Fig. 3.

Light sheet fluorescence microscopy enables high-speed, long-term neurodevelopmental imaging during embryogenesis. (a) Inverted selective plane illumination microcopy (iSPIM) schematic. Two long working distance, water immersion objective lenses enable orthogonal SPIM excitation and detection. The excitation objective (EXC OBJ) introduces a light sheet at the sample, and the resulting fluorescence emission is collected by the detection objective (DET OBJ). High-speed volumetric imaging is achieved by sweeping the light sheet and focal plane through the sample, along the detection axis. The bottom objective provides an additional view of the sample and allows other optical modalities. iSPIM enables conventional mounting of specimens. (b–d) Visualization of neuron migration and neurite outgrowths in C.elegans embryos with iSPIM: (b) Maximum-intensity projections of ceh-10p:GFP, highlighting ALA/RMED and CAN neurons before twitching.
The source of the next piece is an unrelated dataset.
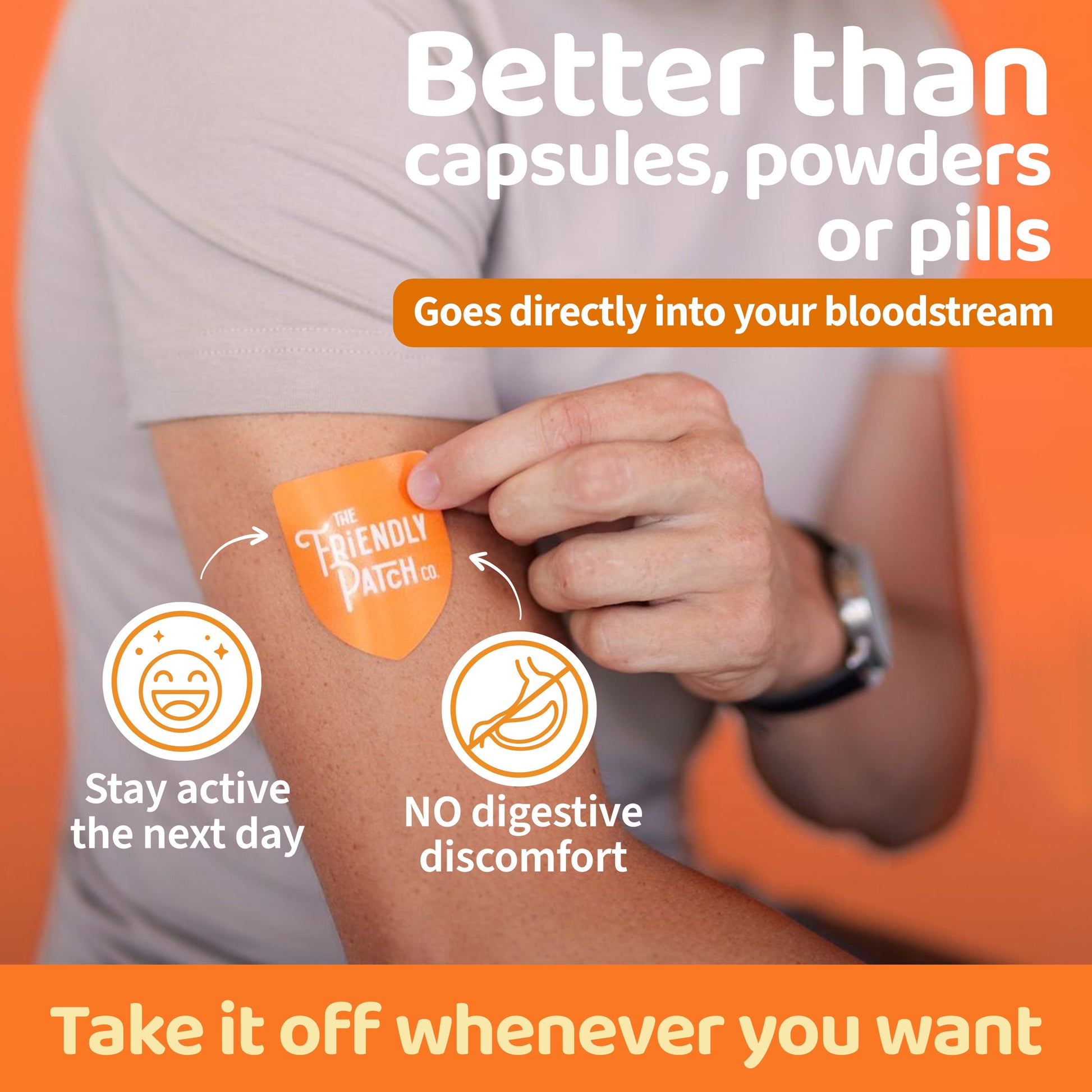 No pills or drinks are necessary with this party patch. There's no need to worry about having access to water; apply this patch and forget about it. Apply it before sleep or in the morning, and enjoy it throughout the night and day. Patches can be worn on the arm, wrist, and non-hairy areas. Just peel, stick, and enjoy!

Scale bar, 5 μm. (c) Time series of the CAN neurite outgrowth through the entire twitching period. (d) The cartoon shows the ALA neuron in the adult worm. Both neurites of ALA project towards the posterior end of the animal. The time-series images display a higher magnification view of the red box in (b). Red dot: ALA soma, green star: left neurite outgrowth. The images show the neuronal outgrowth of ALA through twitching and reveal when the bilateral neurites project towards the posterior end of the embryo. (e) Dual-view iSPIM (diSPIM) imaging highlighting GFP-tagged AIY neurons. Arrows indicate AIY neurites, clearly visible in both lateral projection (left image) and axial projection (right image). Panel c-d are adapted from Y. Wu, et al. [35] with permission from PNAS.